I'm so sorry for your loss :'( R.I.P Taz


----------



## ema-leigh

He was lucky for the short time he had with you, he got to experience love, good food and consideration. I hope hes playing hard at the bridge..... watch over your family Taz:'(

Even if you had of known, there is not much you can do for brain tumors.


----------



## Elizabethm

yeah but i would have been better prepared. ida spoiled him more than my other rats. extra treats love etc. i hope hes playing hard on that bridge too.


----------



## Spoonrat

Oh no  Sorry you lost such a young boy but there's nothing you could have done. I'm sure he loved his time with you and had more than enough love.

Run tree little Taz :'(


----------



## ratattaktak

im so sorry.. i can completely relate.
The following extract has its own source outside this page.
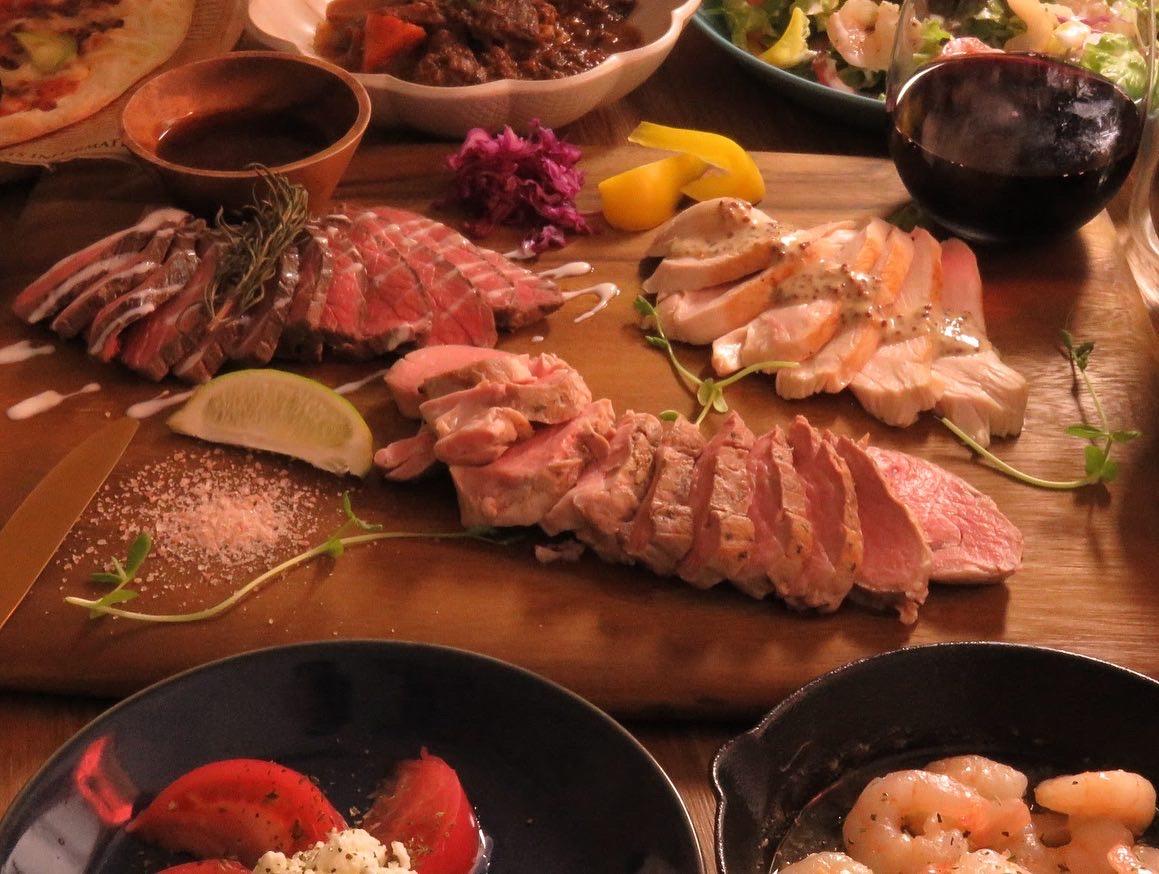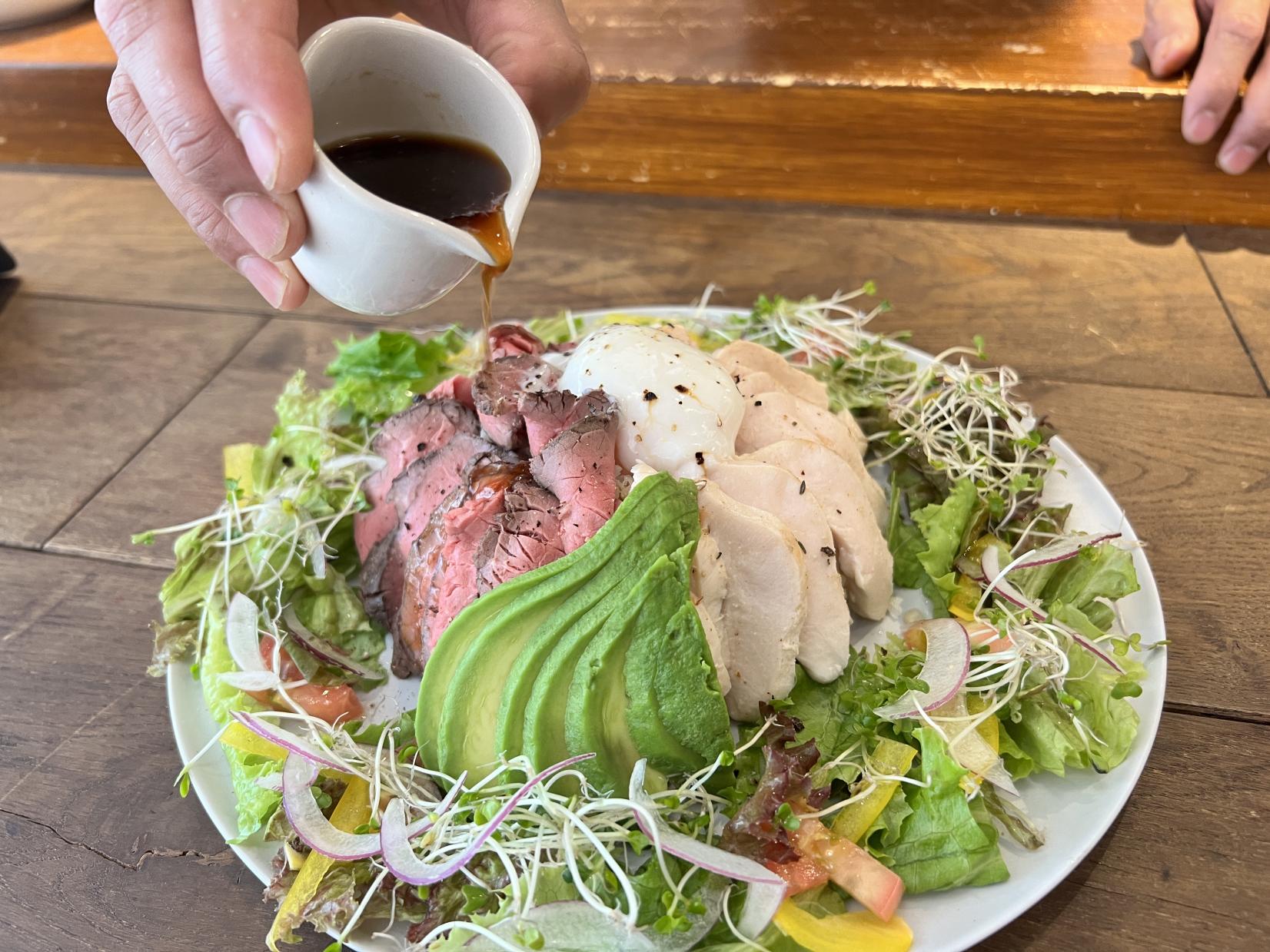 미야자키현산의 닭 가슴살, 와규와 오지 비프를 저온 조리, 충분히 지방분을 줄이면서도 맛은 제대로 느낄 수 있는 부드러운 식감이 일품입니다. 베이스의 현미에 고기, 반숙, 아보가도, 계절 야채가 듬뿍 있어 끝까지 질리지 않는 맛.

Well i have had my Deogie for only a few months, I had just finished taming her and today I had to watch her pass. It was the hardest thing ever. i can't stop crying. i did everything i could. Im sorry that Taz had to be put to sleep at least he went without pain. Thats the best thing. I hope i never have to see what i did with my Deo. if you need anything i got you.


----------



## Elizabethm

im sorry you lost her. its always sad.


----------



## nat

I'm so sorry to hear of all your losses. I've only ever experienced one loss myself and it was hard, harder than it was for some of my human relatives to pass.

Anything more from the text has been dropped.